Masa | Secured Finance
Published in
11 min readMar 14, 2023


Executive Summary

The convergence of Eurocurrency and cryptocurrency markets has become a vital topic in the finance world, offering new opportunities for the transition from centralized to decentralized monetary systems in global financial transactions. While both currencies share common characteristics of being non-regulated, stateless, representing potential regulatory and risk control challenges, it is due to their similarities that they could have the most significant impact on the future of finance by offering increasingly flexible and efficient liquidity solutions within global financial transactions. This paper explores the implications of the convergence of the Eurocurrency and cryptocurrency markets by specifically concentrating on developing over-the-counter (OTC) markets for cryptocurrencies and proposes solutions to address some of the key regulatory and risk control challenges. We will also explore the need for industry-wide standardization efforts, embedded supervision, and the development of a peer-to-contract architecture to provide a safer trading environment while continuing to maintain the key benefits of the blockchain system within a decentralized finance (DeFi) setting.


The intersection of the Eurocurrency and the cryptocurrency has become an increasingly important topic in the world of finance. Eurocurrency refers to any internationally accepted means of payments deposited outside of its country of origin. Cryptocurrency, on the other hand, is a globally useable currency that operates independently of, and without any reliance on, traditional banking systems. Despite their differences, there are several similarities between the two currencies, including their non-regulated and stateless nature and, more importantly, the opportunities they represent as global monetary systems undergo an unprecedented transition from centralized to decentralized governance models within international financial transactions. While these two currencies have the potential to impact the future of finance significantly, certain challenges and regulatory and risk control considerations represent significant barriers to unlocking such potential future impact. This paper explores the similarities and differences between the Eurocurrency and the cryptocurrency and the potential implications for the future of financial markets.
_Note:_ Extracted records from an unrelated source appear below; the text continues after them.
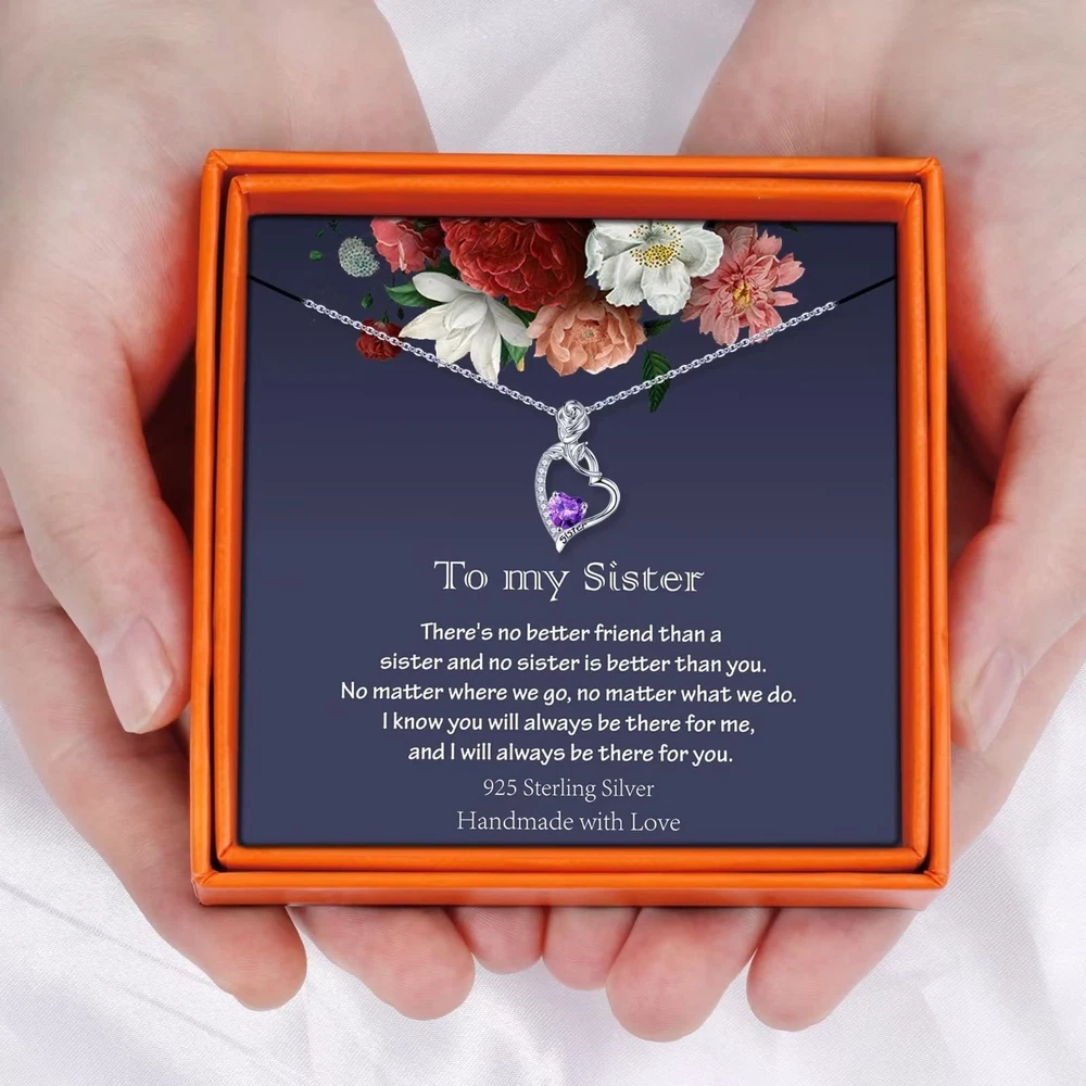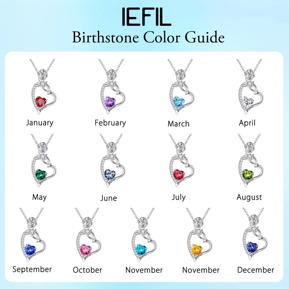 925 Sterling Silver Rose Heart Birthstone Necklace: There are 13 different colored Birthstones representing the months from Jan to Dec. Chain length: 18"+2" Pendant size: 0.8"*0.5" Material: Both the chain and pendant are made up of Sterling Silver and plated with white gold. Comfortable Wear: Lead free, nickel free and cadmium free, no irritation. Package: Rose Flower Birthstone Heart necklace comes with a Delicate Card, a Small Envelope, a Thank You Card, a Silver Polishing Cloth and an Box. Sisters Gifts from Sister Sister Gifts Valentines Day Gifts for Sisters Mothers Day Gifts for Sisters Sister Birthday Gifts Sister Christmas Gifts Best Gifts for Sister: Thank you for love of our product, when your sister receive the gifts, we believe it is a surprise! UNIQUE NECKLACE DESIGN: From a distance, it consists of a rose and a heart, and when you look closely, there is a word "Sister" engraved on the bottom right of the heart pendant. At the center of the heart is a Birthstone pendant and it represents the month of your birth. Perfect gifts for your sisters. 925 STERLING SILVER NECKLACE: Both the chain and pendant are made up of Sterling Silver and plated with white gold. It's lead and nickel free and will never fade on you. THE BIRTHDAY STONES: There are 13 different natural stones representing different birth years, you can choose the color according to your birth month. Perfect sister's gifts from sister. DAINTY GIFT PACKAGE: The sister necklace comes with an box, a thank you card, a small envelopes, a silver polishing cloth and a dainty card. It's ready for giving your mom. Perfect Mother's Day Gifts, Valentine's Day Gifts and Christmas gifts for sister. AFTER SALES SERVICE: Any question about your Sister Birthstone Necklace, please contact us and we will answer your question within 24hours and give you a satisfactory answer.
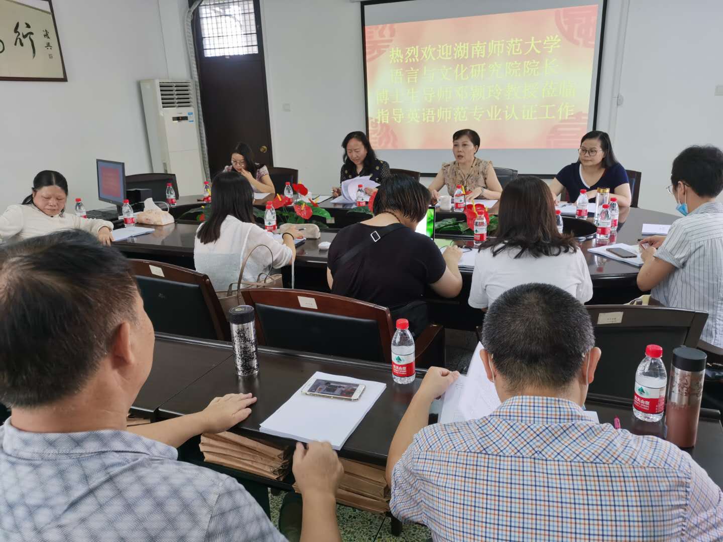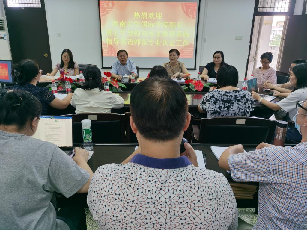 邓颖玲教授和刘承宇教授认证审读了我院英语师范专业的自评报告,并针对每个指标点提出了宝贵的意见和建议。吴玉玲院长对专家的宝贵意见深表感谢,并表示我们会尽快依据专家的意见和建议完善自评报告。
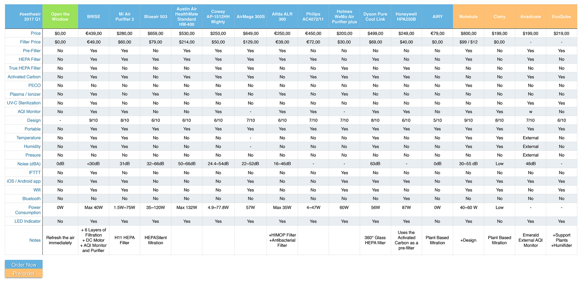 2017 New Air Purifiers in the market that use new ideas and technologies to clean the air from VOCs to PMs. As you can see on the green column I have mentioned the best and the cheapest way to improve air quality indoors, it’s a reminder for those that can apply this principle and when the outdoor air is cleaner than the indoor.
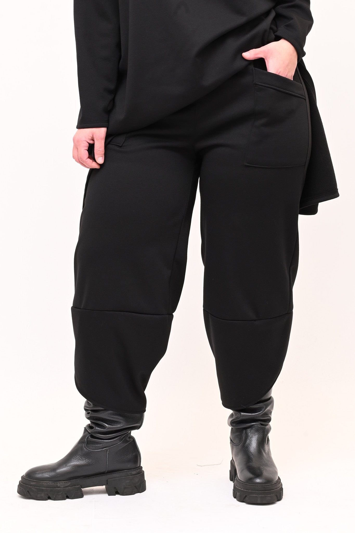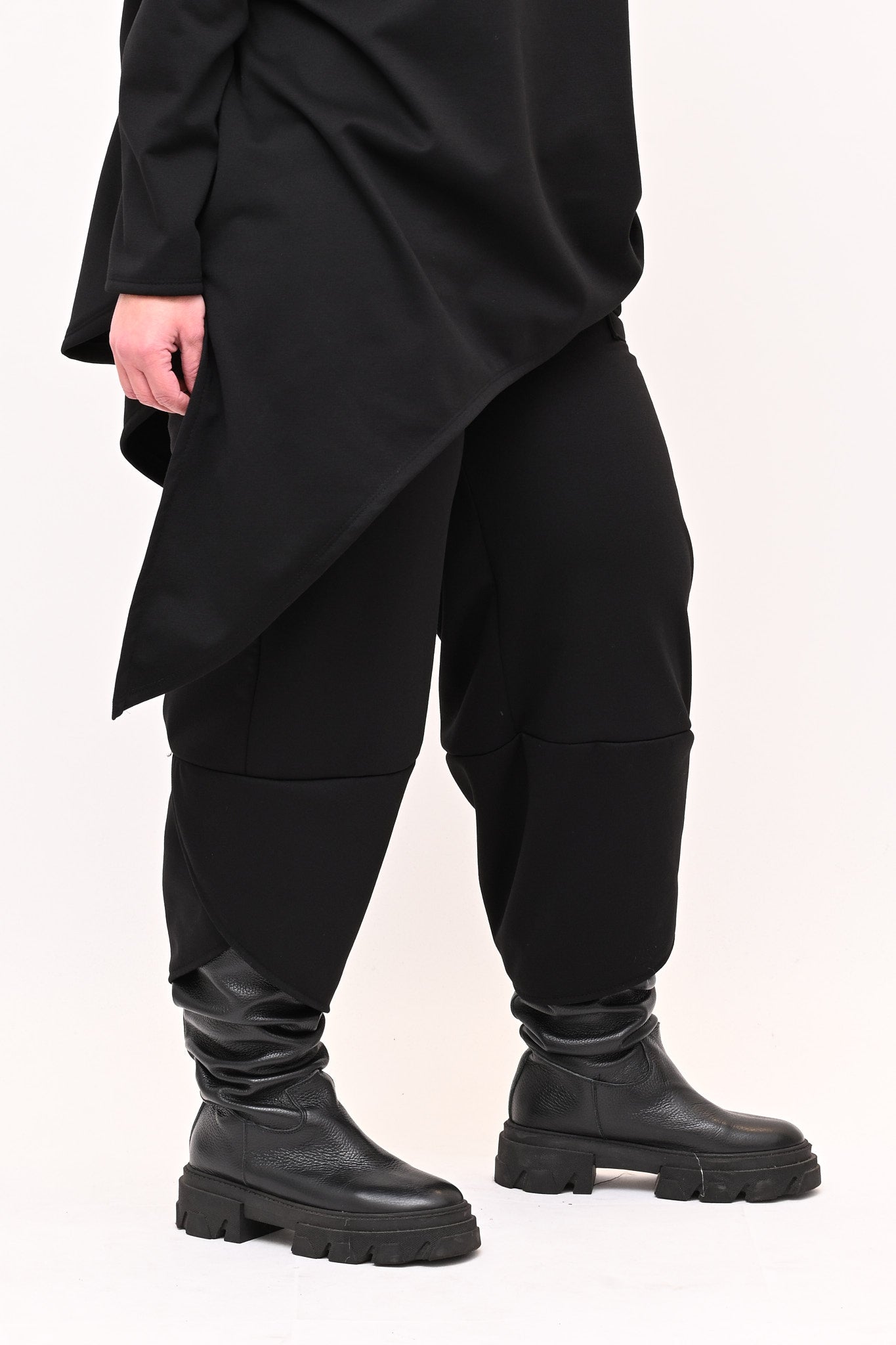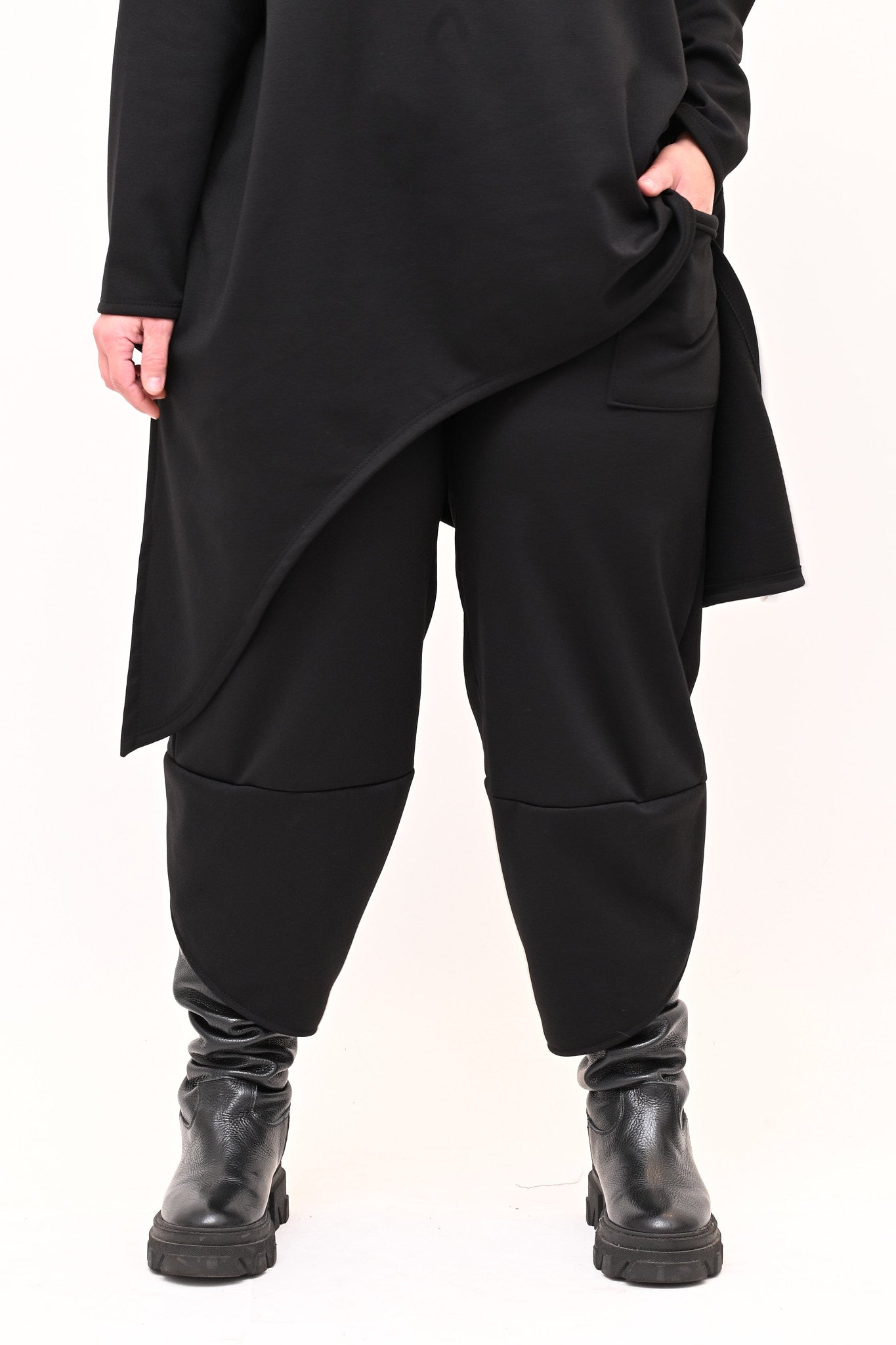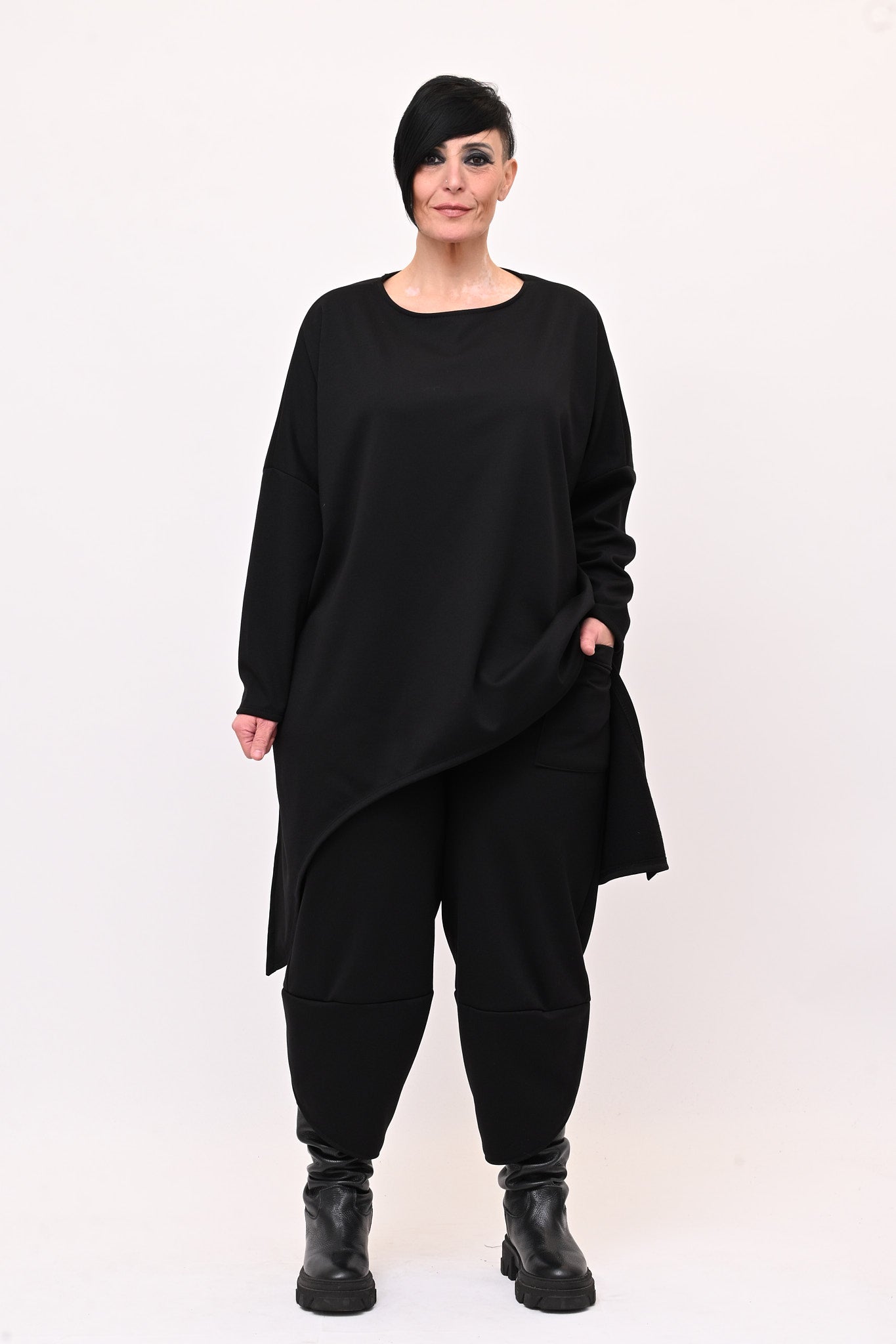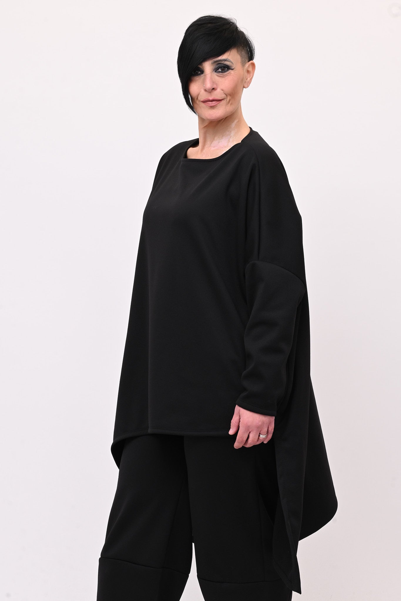 Completo in felpa dalla vestibilità over, composto da: maglia con fondo asimmetrico con punte laterali opposte che conferiscono movimento e originalità al capo, e pantalone crop con elastico in vita e tasche frontali. Pratico, caldo e avvolgente, è perfetto per chi ricerca un look contemporaneo e confortevole.

Eurocurrency and Cryptocurrency

The Eurocurrency and the cryptocurrency share several similarities, making the cryptocurrency a form of Eurocurrency. We will now explore these similarities further:

What is a Eurocurrency?

Eurocurrency refers to foreign currency deposits held in banks located outside the currency’s country of origin. For example, if a US dollar deposit is held in a London-based bank, it is considered a Eurocurrency deposit. The term “Euro” does not only refer to the euro currency or the eurozone, as it existed before the euro was created. It can apply to any foreign currency deposits held in foreign banks outside their home markets.

The Eurocurrency emerged in the 1950s, starting with the Eurodollar, US dollar-denominated deposits held in European banks, especially in London. Several factors drove the emergence of the Eurocurrency, including large quantities of US dollars being held in Europe due to the fixed exchange rate system, economic aid from the US to European countries, and the 1957 sterling crisis, which compelled London-based banks to use dollars for trade.

Today, the Eurocurrency is a prevalent aspect of the global financial system and is used for short-to-medium-term financing by banks, multinational corporations, mutual funds, and hedge funds. It is a key source of global funding due to the ease of convertibility between currencies and the lower regulatory measures applicable to it compared to its domestic market equivalents. The Eurocurrency and Eurobond markets are exempt from domestic interest rate regulations, reserve deposit requirements, and other barriers which typically hinder the free movement of capital. Thus, it is a critical component of international finance and is widely used for international trade and investment.

‘Wrapped’ Nature

A Eurocurrency, such as the Eurodollar, operates outside of the US banking system. It is not recorded in its country of origin’s ledger system but instead is integrated into other proprietary ledger systems and databases managed by European banks and supranational institutions. Therefore, essentially, a Eurocurrency has the same characteristics as “wrapped’ cryptocurrencies, such as wrapped Bitcoin (WBTC) or wrapped fiat currencies called stablecoins (such as USDT and USDC), which allow for greater flexibility and efficiency in global financial transactions, by facilitating DeFi activities through smart-contract-based protocols and settlement enforcement on the blockchain.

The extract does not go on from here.